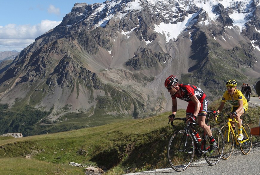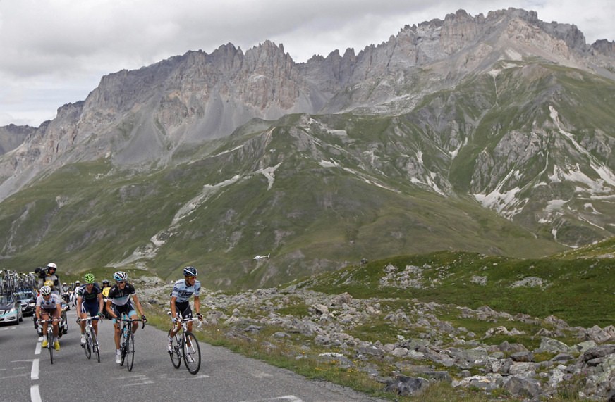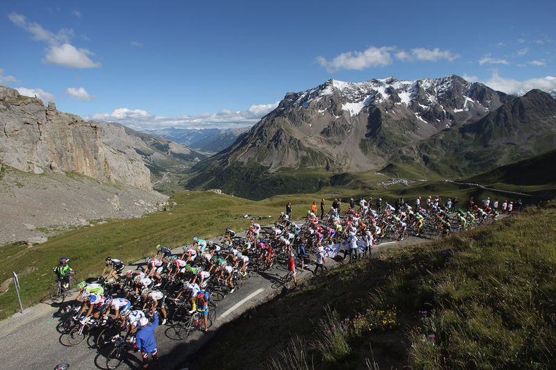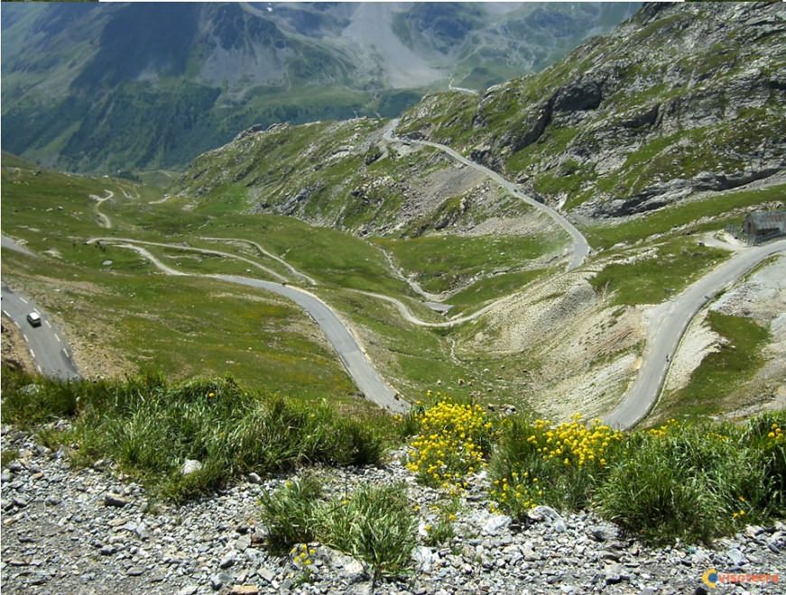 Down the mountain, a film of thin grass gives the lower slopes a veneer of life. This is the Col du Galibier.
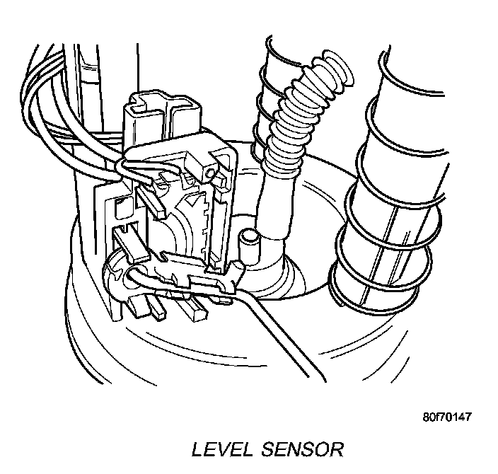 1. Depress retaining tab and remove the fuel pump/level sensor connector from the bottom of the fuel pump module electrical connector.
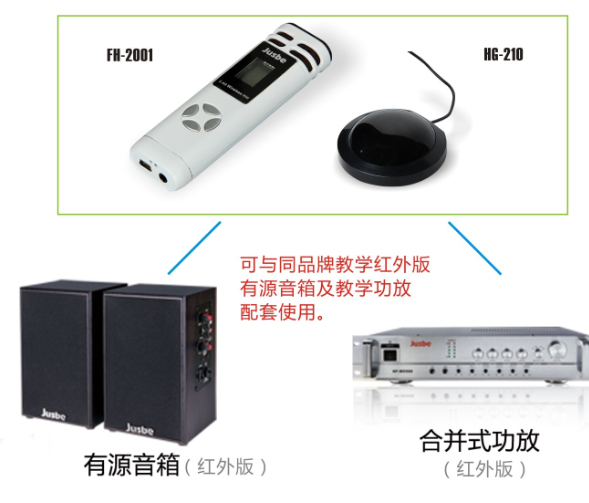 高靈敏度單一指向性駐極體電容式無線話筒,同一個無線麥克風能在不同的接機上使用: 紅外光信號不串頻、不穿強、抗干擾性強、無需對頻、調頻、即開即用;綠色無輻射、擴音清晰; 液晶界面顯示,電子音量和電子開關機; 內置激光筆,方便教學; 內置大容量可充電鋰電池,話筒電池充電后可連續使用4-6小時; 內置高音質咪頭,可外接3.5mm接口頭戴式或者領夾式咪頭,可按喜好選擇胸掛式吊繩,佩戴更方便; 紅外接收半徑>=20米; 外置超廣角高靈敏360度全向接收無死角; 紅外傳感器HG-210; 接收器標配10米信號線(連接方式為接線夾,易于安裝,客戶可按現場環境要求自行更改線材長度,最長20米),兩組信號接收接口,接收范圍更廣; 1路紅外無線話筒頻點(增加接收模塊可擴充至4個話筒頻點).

+++

- **Description of the task**
Repeat the data word for word, minus any pictures.

- **Finished exercise**
 Down the mountain, a film of thin grass gives the lower slopes a veneer of life. This is the Col du Galibier.
 1. Depress retaining tab and remove the fuel pump/level sensor connector from the bottom of the fuel pump module electrical connector.
 高靈敏度單一指向性駐極體電容式無線話筒,同一個無線麥克風能在不同的接機上使用: 紅外光信號不串頻、不穿強、抗干擾性強、無需對頻、調頻、即開即用;綠色無輻射、擴音清晰; 液晶界面顯示,電子音量和電子開關機; 內置激光筆,方便教學; 內置大容量可充電鋰電池,話筒電池充電后可連續使用4-6小時; 內置高音質咪頭,可外接3.5mm接口頭戴式或者領夾式咪頭,可按喜好選擇胸掛式吊繩,佩戴更方便; 紅外接收半徑>=20米; 外置超廣角高靈敏360度全向接收無死角; 紅外傳感器HG-210; 接收器標配10米信號線(連接方式為接線夾,易于安裝,客戶可按現場環境要求自行更改線材長度,最長20米),兩組信號接收接口,接收范圍更廣; 1路紅外無線話筒頻點(增加接收模塊可擴充至4個話筒頻點).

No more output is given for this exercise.